424B3

Filed Pursuant to Rule 424(b)(3)
Registration No. 333-202960

PROSPECTUS SUPPLEMENT

(To Prospectus Supplement dated August 21, 2015,

and the accompanying Prospectus dated August 19, 2015)

 

 

$21,854,722

 

LOGO

Common Stock

This prospectus supplement updates and amends certain information contained on the cover page of the prospectus supplement dated August 21, 2015, which prospectus supplement and the accompanying prospectus dated August 19, 2015 (together, the “2015 prospectus”) relate to the offer and sale of shares of our common stock having an aggregate offering price of up to $30,000,000 through Cowen and Company, LLC in accordance with the terms of the sales agreement dated August 21, 2015. This prospectus supplement should be read in conjunction with the 2015 prospectus, and is qualified by reference to the 2015 prospectus, except to the extent that the information presented herein supersedes the information contained in the 2015 prospectus. This prospectus supplement is not complete without, and may only be delivered or utilized in connection with, the 2015 prospectus, including any amendments or supplements thereto.
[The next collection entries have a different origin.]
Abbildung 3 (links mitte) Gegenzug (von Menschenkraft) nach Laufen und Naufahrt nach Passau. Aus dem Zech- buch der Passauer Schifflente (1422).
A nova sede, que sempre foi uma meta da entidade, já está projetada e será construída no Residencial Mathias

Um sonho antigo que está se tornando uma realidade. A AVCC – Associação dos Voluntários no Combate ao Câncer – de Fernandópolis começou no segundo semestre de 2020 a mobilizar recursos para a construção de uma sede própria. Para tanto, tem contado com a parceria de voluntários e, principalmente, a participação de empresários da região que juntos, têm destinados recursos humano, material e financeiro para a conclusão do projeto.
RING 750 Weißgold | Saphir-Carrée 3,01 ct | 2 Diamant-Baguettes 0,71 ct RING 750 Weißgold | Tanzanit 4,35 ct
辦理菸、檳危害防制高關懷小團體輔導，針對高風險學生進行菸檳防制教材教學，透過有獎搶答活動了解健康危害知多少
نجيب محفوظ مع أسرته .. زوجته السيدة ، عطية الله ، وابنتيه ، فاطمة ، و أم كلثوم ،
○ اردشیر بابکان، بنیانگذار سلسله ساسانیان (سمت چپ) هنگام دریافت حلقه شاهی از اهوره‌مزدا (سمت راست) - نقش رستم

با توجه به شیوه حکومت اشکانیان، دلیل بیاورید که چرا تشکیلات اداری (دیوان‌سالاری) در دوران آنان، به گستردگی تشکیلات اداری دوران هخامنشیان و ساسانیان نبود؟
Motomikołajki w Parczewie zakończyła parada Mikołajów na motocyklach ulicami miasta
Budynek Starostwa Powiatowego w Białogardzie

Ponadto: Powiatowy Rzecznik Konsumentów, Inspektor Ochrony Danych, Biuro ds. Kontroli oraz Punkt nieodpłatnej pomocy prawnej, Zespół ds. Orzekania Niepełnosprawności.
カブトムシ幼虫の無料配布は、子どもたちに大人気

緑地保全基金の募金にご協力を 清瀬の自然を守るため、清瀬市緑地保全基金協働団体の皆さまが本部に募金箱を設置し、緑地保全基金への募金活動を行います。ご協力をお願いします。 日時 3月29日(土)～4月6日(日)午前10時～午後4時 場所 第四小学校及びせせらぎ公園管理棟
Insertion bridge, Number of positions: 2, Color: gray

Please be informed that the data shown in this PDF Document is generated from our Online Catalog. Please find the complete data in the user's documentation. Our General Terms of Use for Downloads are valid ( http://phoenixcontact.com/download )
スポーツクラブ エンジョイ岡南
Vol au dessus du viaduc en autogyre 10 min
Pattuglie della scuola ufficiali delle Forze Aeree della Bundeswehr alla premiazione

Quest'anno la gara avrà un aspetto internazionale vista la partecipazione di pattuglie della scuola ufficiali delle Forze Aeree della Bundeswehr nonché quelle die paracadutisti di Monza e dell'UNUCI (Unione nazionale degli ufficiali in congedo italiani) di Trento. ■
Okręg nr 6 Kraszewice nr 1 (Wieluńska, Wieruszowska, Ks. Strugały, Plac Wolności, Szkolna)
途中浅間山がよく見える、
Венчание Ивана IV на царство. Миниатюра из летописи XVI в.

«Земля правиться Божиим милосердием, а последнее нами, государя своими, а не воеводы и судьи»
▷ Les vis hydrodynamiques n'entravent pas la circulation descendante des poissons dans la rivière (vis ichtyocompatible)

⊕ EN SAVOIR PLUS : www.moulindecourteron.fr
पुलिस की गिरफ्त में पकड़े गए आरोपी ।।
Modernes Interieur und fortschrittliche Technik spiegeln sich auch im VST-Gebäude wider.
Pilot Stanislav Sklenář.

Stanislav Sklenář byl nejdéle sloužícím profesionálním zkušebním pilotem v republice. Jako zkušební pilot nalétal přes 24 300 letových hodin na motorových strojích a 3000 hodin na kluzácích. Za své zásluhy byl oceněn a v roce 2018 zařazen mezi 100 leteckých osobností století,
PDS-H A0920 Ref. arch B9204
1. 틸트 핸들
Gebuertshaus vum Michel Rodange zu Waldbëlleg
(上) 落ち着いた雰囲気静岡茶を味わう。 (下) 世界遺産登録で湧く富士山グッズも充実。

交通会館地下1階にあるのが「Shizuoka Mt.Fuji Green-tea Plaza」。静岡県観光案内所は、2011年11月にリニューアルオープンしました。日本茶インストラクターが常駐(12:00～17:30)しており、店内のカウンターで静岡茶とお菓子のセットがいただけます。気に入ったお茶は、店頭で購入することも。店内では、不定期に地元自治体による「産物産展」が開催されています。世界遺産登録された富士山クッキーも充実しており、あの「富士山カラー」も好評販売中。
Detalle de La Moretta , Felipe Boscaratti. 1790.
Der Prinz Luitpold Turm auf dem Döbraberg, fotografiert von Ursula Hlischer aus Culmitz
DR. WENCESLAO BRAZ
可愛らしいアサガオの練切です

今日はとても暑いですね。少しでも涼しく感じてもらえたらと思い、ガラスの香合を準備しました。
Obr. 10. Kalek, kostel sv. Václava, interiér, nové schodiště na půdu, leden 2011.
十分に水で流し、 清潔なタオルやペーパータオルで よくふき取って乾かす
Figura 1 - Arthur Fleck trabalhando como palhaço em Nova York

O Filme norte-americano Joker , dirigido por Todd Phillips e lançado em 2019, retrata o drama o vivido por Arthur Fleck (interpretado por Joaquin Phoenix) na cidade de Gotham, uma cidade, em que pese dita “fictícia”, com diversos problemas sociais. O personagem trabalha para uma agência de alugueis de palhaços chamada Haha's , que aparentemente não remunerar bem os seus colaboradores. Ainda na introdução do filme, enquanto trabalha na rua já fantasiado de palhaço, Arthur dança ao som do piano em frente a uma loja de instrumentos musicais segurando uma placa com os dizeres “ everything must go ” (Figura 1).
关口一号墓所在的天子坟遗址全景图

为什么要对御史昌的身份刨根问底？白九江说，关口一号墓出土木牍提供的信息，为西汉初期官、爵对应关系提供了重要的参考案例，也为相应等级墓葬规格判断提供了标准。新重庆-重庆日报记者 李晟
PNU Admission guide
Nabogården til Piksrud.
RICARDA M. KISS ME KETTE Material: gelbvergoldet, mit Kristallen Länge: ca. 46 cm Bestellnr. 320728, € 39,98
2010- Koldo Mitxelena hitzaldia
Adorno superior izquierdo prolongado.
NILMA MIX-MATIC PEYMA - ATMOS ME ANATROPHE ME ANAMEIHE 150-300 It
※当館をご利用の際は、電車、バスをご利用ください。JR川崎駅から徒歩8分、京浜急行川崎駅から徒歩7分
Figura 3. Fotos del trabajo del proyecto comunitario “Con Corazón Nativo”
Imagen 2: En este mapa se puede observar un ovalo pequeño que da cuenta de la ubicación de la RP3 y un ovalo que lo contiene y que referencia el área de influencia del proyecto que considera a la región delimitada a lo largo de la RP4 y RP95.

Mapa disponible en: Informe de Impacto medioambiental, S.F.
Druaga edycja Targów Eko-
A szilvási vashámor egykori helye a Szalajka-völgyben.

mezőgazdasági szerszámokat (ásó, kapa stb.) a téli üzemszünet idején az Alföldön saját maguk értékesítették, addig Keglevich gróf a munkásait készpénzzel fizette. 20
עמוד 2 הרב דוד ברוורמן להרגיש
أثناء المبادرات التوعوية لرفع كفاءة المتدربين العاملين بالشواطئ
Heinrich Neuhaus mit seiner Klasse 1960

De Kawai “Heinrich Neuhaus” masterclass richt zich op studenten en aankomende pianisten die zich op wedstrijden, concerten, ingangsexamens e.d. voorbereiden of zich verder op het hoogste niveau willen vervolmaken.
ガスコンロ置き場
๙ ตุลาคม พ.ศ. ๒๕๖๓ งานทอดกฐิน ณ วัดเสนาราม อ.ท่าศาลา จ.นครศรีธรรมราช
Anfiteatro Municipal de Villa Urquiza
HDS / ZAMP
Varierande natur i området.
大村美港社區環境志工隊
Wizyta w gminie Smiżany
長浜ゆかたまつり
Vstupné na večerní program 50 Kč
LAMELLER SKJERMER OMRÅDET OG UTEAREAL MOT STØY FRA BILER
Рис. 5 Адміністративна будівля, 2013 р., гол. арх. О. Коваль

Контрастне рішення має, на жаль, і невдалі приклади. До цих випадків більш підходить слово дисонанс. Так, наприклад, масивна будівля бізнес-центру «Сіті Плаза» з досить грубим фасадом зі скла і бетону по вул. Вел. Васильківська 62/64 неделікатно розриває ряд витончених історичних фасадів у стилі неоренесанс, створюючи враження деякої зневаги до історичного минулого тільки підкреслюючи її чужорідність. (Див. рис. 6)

Through May 13, 2016, we have sold shares of our common stock through Cowen under the sales agreement for an aggregate purchase price of approximately $262,004. We are filing this prospectus supplement to amend the 2015 prospectus because we are now subject to General Instruction I.B.6 of Form S-3, which limits the amounts that we may sell under the registration statement of which this prospectus supplement and the 2015 prospectus are a part. As a result of these limitations and the current public float of our common stock, and in accordance with the terms of the sales agreement, we may offer and sell additional shares of our common stock having an aggregate offering price of up to $21,854,722 from time to time through Cowen. If our public float increases such that we may sell additional amounts under the sales agreement and the registration statement of which this prospectus supplement and the 2015 prospectus are a part, we will file another prospectus supplement prior to making additional sales.

Our common stock is listed on the NYSE MKT under the symbol “MSTX.” On May 13, 2016, the last reported sale price of our common stock on the NYSE MKT was $0.2955 per share. Based on the reported sale price of $0.35 of our common stock on the NYSE MKT on April 18, 2016, the aggregate market value of our public float, calculated according to General Instruction I.B.6 of Form S-3, is approximately $66,350,178, which was calculated based on 189,571,938 shares of our common stock outstanding held by non-affiliates. As of the date hereof, we have offered and sold common stock with an aggregate market value of $201,865 pursuant to General Instruction I.B.6 of Form S-3 during the prior 12 calendar month period that ends on and includes the date hereof.

Investing in our securities involves a high degree of risk. See “Risk Factors,” beginning on page S-4 of the 2015 prospectus and under the heading “Risk Factors” included in our most recent annual report on Form 10-K and in our most recent quarterly report on Form 10-Q, and any amendments thereto, which are incorporated by reference into the 2015 prospectus, for a discussion of the factors you should carefully consider before deciding to purchase our securities.

Neither the Securities and Exchange Commission nor any state securities commission has approved or disapproved of these securities or determined if this prospectus supplement or the 2015 prospectus is truthful or complete. Any representation to the contrary is a criminal offense.